● The problem:
Write the lines below out exactly, dropping each picture.

● Data section:
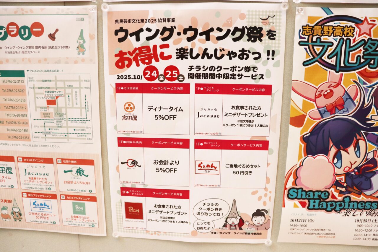 25日(土)には高校生以下を対象としたスタンプラリーも開催され、館内を巡ってスタンプを集めると抽選会に参加することができます。また、期間中はウイング・ウイング高岡内の飲食店で使える特別クーポンも配布され、そば処やカフェなどでお得なサービスが受けられます。
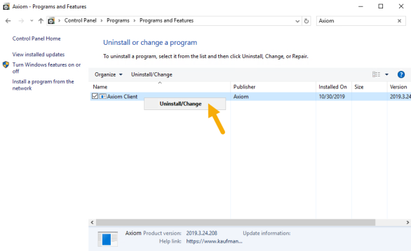 - On the Uninstall or change a program screen, right-click the entry for Axiom Client or Axiom EPM Client, and then select Uninstall/Change. Follow the directions on the screen to complete the uninstall.
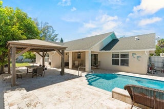 I think you are going to LOVE this Fantastic WPB, 3 BR +Office/den, 2 baths, Pool home..its a Gem! Kitchen updated & has gorgeous granite tops. Both bathrooms have been updated. Love the indoor Laundry rm. 2 C Gar. Split floor plan, no carpet, its completely tiled. Large driveway, + a cul de sac location. No HOA fees. .20 of acre with Metal fenced back & side yards. Great Back Patio & Pool area that has travertine marble. Perfect to Entertain, BBQ & spend time & Relax. Really nice Gazebo is about 2 years old. Has Avocado, Mango, Soursop, & Cuban Plum trees.

● Output for this task:
 25日(土)には高校生以下を対象としたスタンプラリーも開催され、館内を巡ってスタンプを集めると抽選会に参加することができます。また、期間中はウイング・ウイング高岡内の飲食店で使える特別クーポンも配布され、そば処やカフェなどでお得なサービスが受けられます。
 - On the Uninstall or change a program screen, right-click the entry for Axiom Client or Axiom EPM Client, and then select Uninstall/Change. Follow the directions on the screen to complete the uninstall.
 I think you are going to LOVE this Fantastic WPB, 3 BR +Office/den, 2 baths, Pool home..its a Gem! Kitchen updated & has gorgeous granite tops. Both bathrooms have been updated. Love the indoor Laundry rm. 2 C Gar. Split floor plan, no carpet, its completely tiled. Large driveway, + a cul de sac location. No HOA fees. .20 of acre with Metal fenced back & side yards. Great Back Patio & Pool area that has travertine marble. Perfect to Entertain, BBQ & spend time & Relax. Really nice Gazebo is about 2 years old. Has Avocado, Mango, Soursop, & Cuban Plum trees.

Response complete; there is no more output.